Michael Cimino
Michael Cimino, un mirage américain, documentaire réalisé par le critique et essayiste Jean-Baptiste Thoret vient de sortir en salle. Grand défenseur et admirateur de l’œuvre du cinéaste (décédé en 2016 à l’âge de 77 ans), il nous livre un hommage somptueux et envoûtant.

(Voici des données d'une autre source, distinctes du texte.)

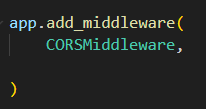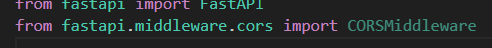 첫번째는 CORS에 대한 미들웨어 클래스를 넣기 위해서 먼저 CORSMiddleware를 import하고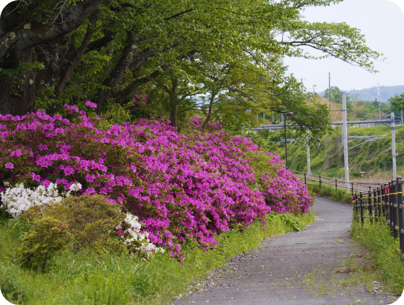 JR常磐線夜ノ森駅のホームを彩っていたツツジは除染のため、やむなく伐採されてしまいましたが、震災以前の景色を取り戻すための取り組みを行っています。

C’est l’occasion de revoir sur grand écran les deux chefs-d’œuvre de Cimino et de mieux comprendre ce cinéaste de légende.
Le cinéma lui doit deux des plus grands films de son histoire : deux fresques historiques portées par un souffle épique et une puissance incantatoire inouïe, et travaillées en sourdine par une méditation sur le temps, la perte, la condition humaine.
Voyage au bout de l’enfer (1978), premier film américain critique de la guerre du Vietnam, dépeinte comme le cauchemar halluciné d’une Amérique en pleine dislocation, et La Porte du paradis (1980), évocation de la naissance de cette nation légendaire dans la violence d’un crime de masse. Porté au pinacle pour Voyage au bout de l’enfer, qui lui valut cinq Oscars dont celui du meilleur film, ce grand formaliste romantique fut brisé par La Porte du paradis, naufrage industriel qui précipita la faillite des Artistes Associés, le studio créé en 1919 par Mary Pickford, Charlie Chaplin, Douglas Fairbanks et D. W. Griffith. Jeté en pâture à la presse, blacklisté par toute l’industrie, Michael Cimino a encore réalisé L’Année du dragon (1985), avant de sombrer lentement en trois étapes : Le Sicilien (1987), La Maison des otages (1990) et Sunchaser (1996). Michael Cimino, cinéaste maudit et désenchanté, emblématique des années 1970, n’en reste pas moins un idéaliste, habité par une forme de croyance dans la possibilité de retrouver dans le contemporain des bribes de l’Amérique des origines et d’en réactiver le mythe fédérateur.